Intellectual Merit: Horizontal convection is the generic designation for the circulation resulting from differential heating along one horizontal boundary of a fluid. It is a key feature of the ocean's Meridional Overturning Circulation. The full problem of the Meridional Overturning Circualtion is complex and difficult, involving thermal, haline, and mechanical forcing. Understanding the simpler problem of (single-component) horizontal convection is an important step in attacking the full problem. Mixing is critically important in producing a pathway for cold water to be modified and return to the surface. Molecular processes are far too puny to carry out this role. The role of turbulence in horizontal convection is hence crucial.
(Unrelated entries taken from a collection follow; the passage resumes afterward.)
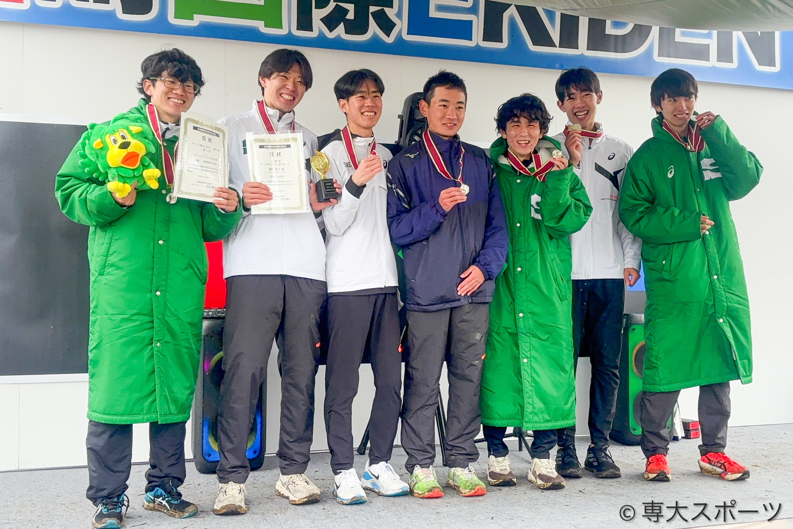 12月14日に川崎国際EKIDEN 2025が開催され、7Pフル駅伝学生・一般の部に専大の4年生による連合チームが出場。チーム“ろっじくるま”は総合2位の2時間9分32秒と優勝には届かなかったが、笑顔で大学4年間を締めくくった。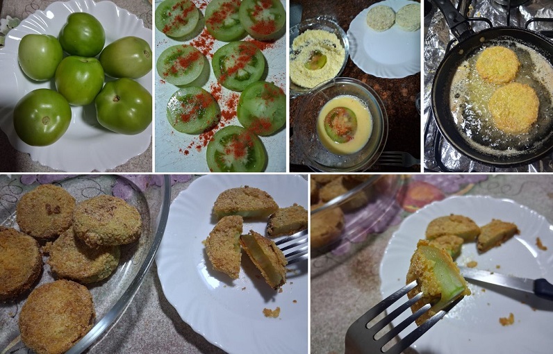 É um preparo que se faz na hora de servir, pois, deixando tudo ajeitado, depois de empanadas, as fatias devem ser fritas no óleo quente e logo serem servidas. No livro, segundo a autora, servia-se com fartas fatias de bacon, mas elas são totalmente desnecessárias, pois a “estrela” aqui são os tomates.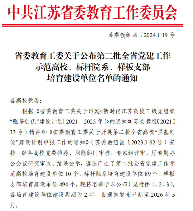 根据《省委教育工委关于公布第二批全省党建工作示范高校、标杆院系、样板支部培育建设单位名单的通知》苏委教组函〔2024〕19号,幸运轮盘 微电子系教工党支部成功入选第二批全省党建工作样板支部培育建设单位。

The laboratory and numerical experiments on horizontal convection will address five hypotheses: 1. Scaling for the boundary-layer thicknesses of previous work is correct. 2. Dissipation is highly variable in space. 3. The boundary between steady and unsteady regimes is a function of aspect ratio, dimensionality, and rotation. 4. Small-scale variability of the boundary forcing should shut down large-scale convection. 5. Combined buoyancy and mechanical forcing changes the regime diagram.
Broader Impacts: The investigators will engage in educational activities at multiple levels. The environmental fluid dynamics laboratory, in which the lead investigator works, has a strong track record in undergraduate mentoring. They will recruit an undergraduate and will work with UCSD's McNair Program and/or the Summer Training Academy for Research in the Sciences (STARS) program, both of which target students are from groups traditionally underrepresented in the sciences. The research will involve two graduate students. Reaching pre-college students will contribute to the professional development of high school teachers in the San Diego Unified School District. In partnership with the NSF-funded Center for Ocean Science Education Excellence/California they will sponsor a one-day workshop for approximately 25 Earth sciences teachers. The investigators will contribute to the Wiki page of the CFD code chosen for this work. These posts will broadly disseminate key results of NSF-funded work in a venue that is accessed by the larger CFD community, thus enhancing scientific and technological understanding. The results of the project have applications in industry and to environmental sustainability, as well as in related fields of science, in particular limnology and climate science. The experiments carried out here are relevant to natural ventilation of buildings. Improved understanding of the fluid mechanics of natural ventilation, an anticipated outcome of the project, can inform critical energy conservation efforts that may ultimately benefit society economically, environmentally and politically.